28 Das vorlegende Gericht fragt sich offenkundig, welche Folgen sich daraus ergeben könnten, daß die Klägerin des Ausgangsverfahrens im vorliegenden Fall die Ehefrau eines in einem Land der Gemeinschaft legal lebenden türkischen Arbeitnehmers ist. Hier ist auf den Beschluß Nr. 1/80 des Assoziationsrates zurückzukommen. Dieser bezieht sich in Artikel 7 auf die Familienangehörigen eines in einem Mitgliedstaat ordnungsgemäß beschäftigten türkischen Arbeitnehmers, die die Genehmigung erhalten haben, zu ihm zu ziehen. Artikel 13 dieses Beschlusses enthält die folgende Stand-still-Klausel:

Die Mitgliedstaaten der Gemeinschaft und die Türkei dürfen für Arbeitnehmer und ihre Familienangehörigen, deren Aufenthalt und Beschäftigung in ihrem Hoheitsgebiet ordnungsgemäß sind, keine neuen Beschränkungen der Bedingungen für den Zugang zum Arbeitsmarkt einführen.

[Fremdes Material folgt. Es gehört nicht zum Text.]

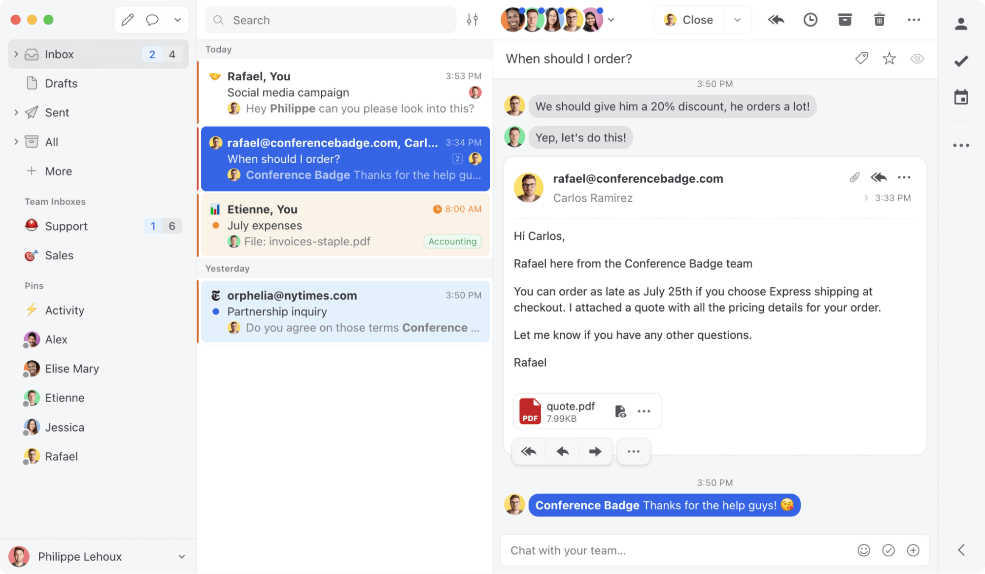 - Combines email, chat, and task management, eliminating the need for multiple tools.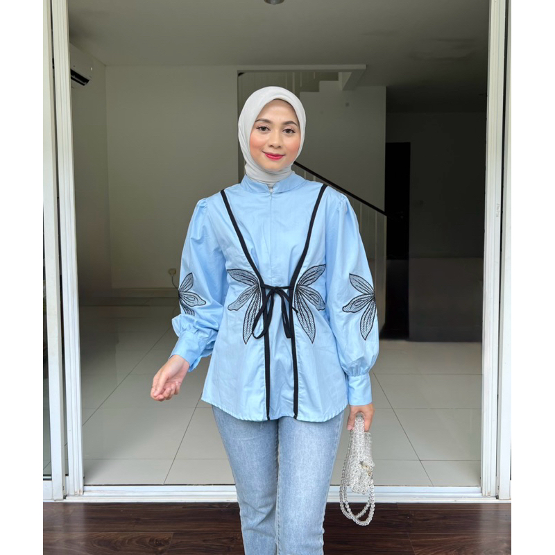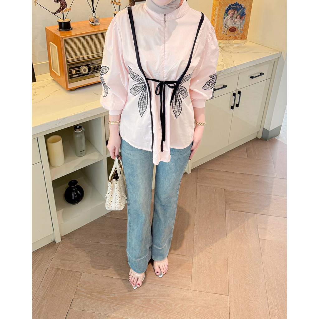 PLUMFIT Kaos Wanita Oversize Motif Garis Matterial Cotton Combed Karisa Shirt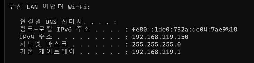 IPv4 주소가 본인 컴퓨터의 사설 IP이고, 기본 게이트웨이가 게이트웨이 주소입니다.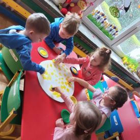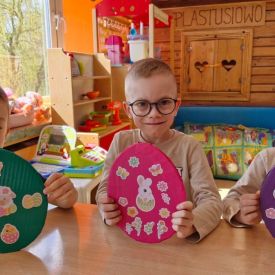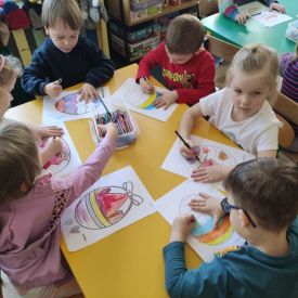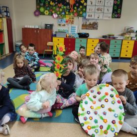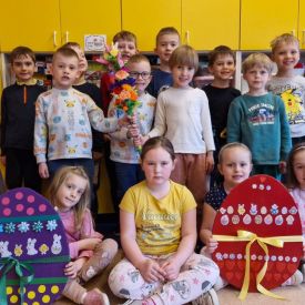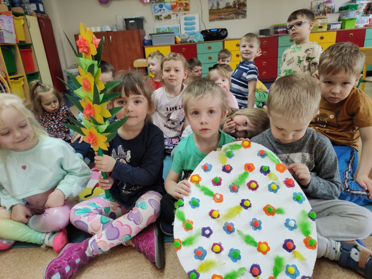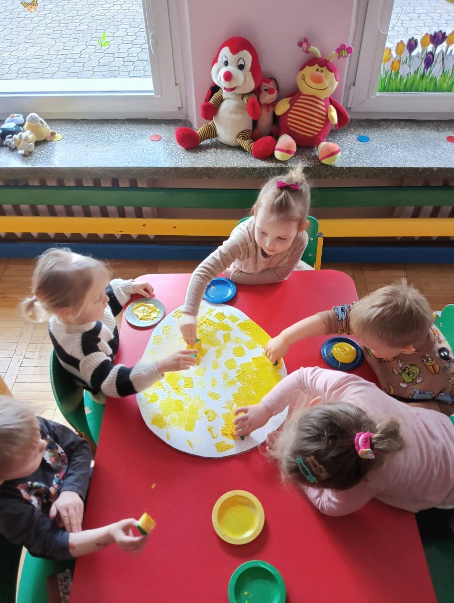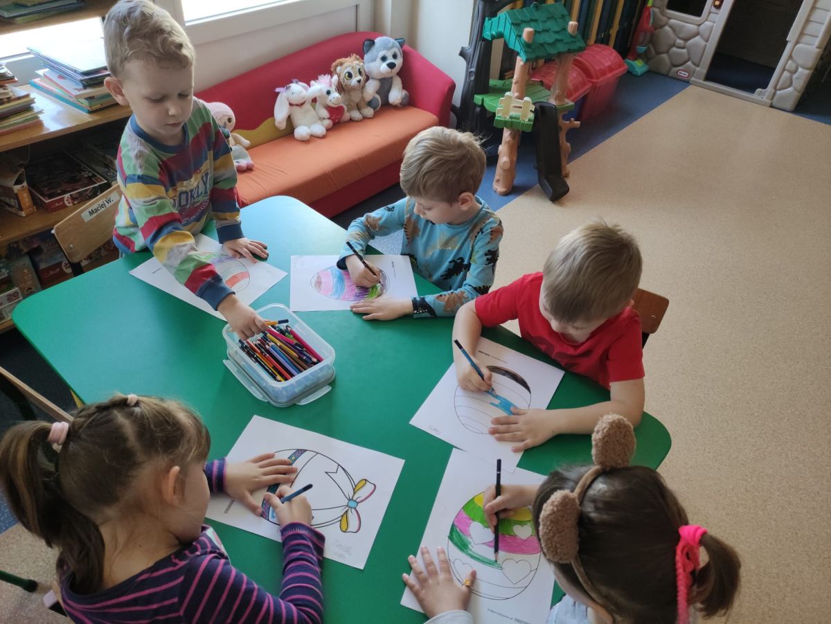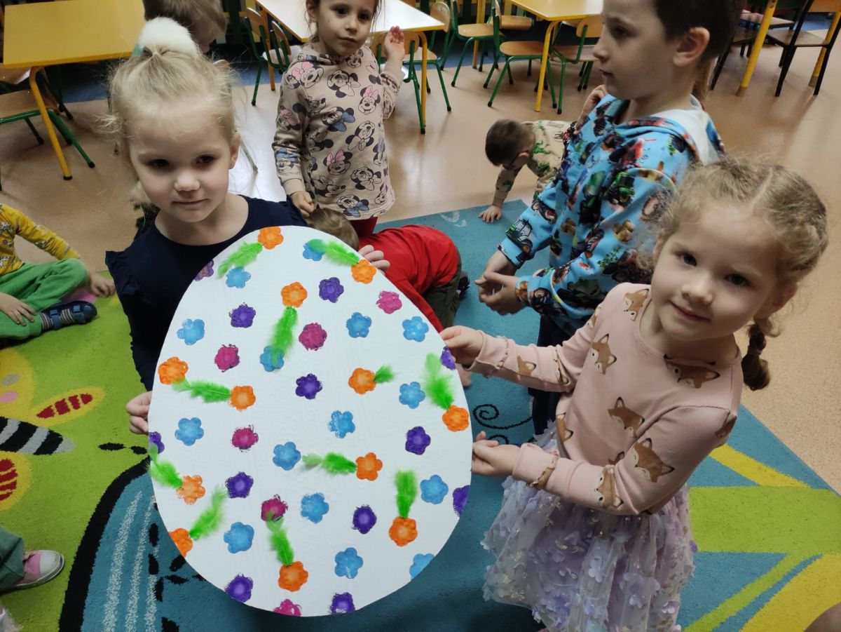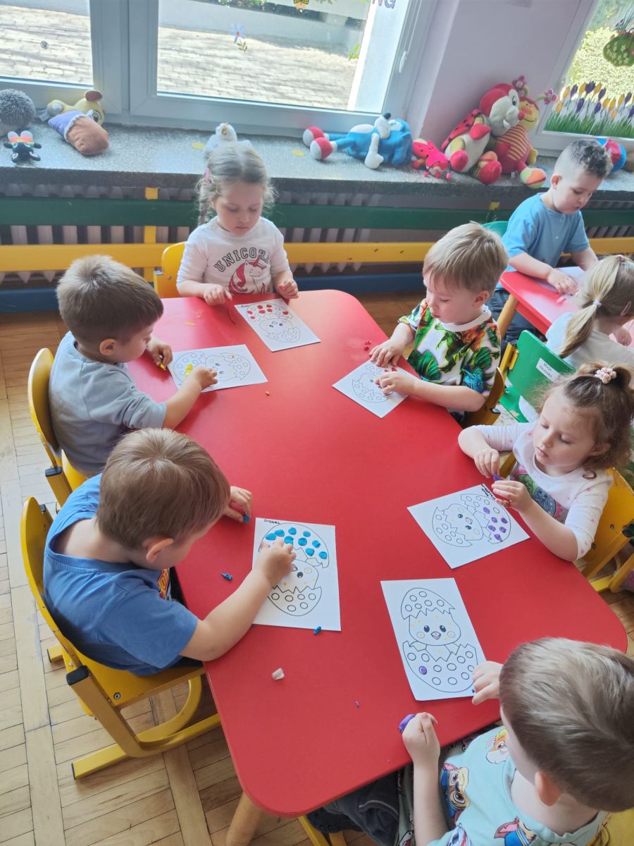 Tuż przed świętami wielkanocnymi panowała w naszym przedszkolu świąteczna atmosfera. Tworzenie palm wielkanocnych, kartek z życzeniami, stroików z rzeżuchy, bukszpanów . Z każdym dniem w naszych salach, holu przedszkolnym przybywało wielkanocnych symboli.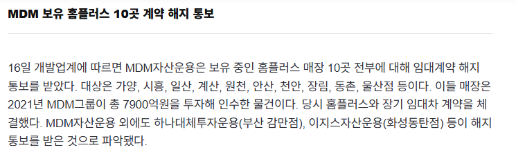 MDM 자산운용(가양, 시흥, 일산, 계산, 원천, 안산 ,천안, 장림, 동촌, 울산점)

Diese Klausel bezieht sich auf den Zugang zum Arbeitsmarkt und nicht auf den Familiennachzug. Sie macht den Aufenthalt der Familienangehörigen von einer von den zuständigen Behörden der Vertragsparteien des Abkommens erteilten Genehmigung abhängig. Sie kann also nicht dahin ausgelegt werden, daß sie ein Recht auf Familiennachzug wie das in der Verordnung Nr. 1612/68 vorgesehene umfaßt.

III — Anträge

29 Ich schlage daher vor, wie folgt für Recht zu erkennen:

Artikel 12 des Abkommens vom 12. September 1963 zur Gründung einer Assoziation zwischen der Europäischen Wirtschaftsgemeinschaft und der Türkei und Artikel 36 des Zusatzprotokolls vom 23. November 1970 in Verbindung mit Artikel 7 des Abkommens enthalten für die Mitgliedstaaten kein in ihrer innerstaatlichen Rechtsordnung unmittelbar anwendbares Verbot, neue Beschränkungen für den Nachzug der Familien türkischer Arbeitnehmer einzuführen, die dort ordnungsgemäß eine Beschäftigung ausüben.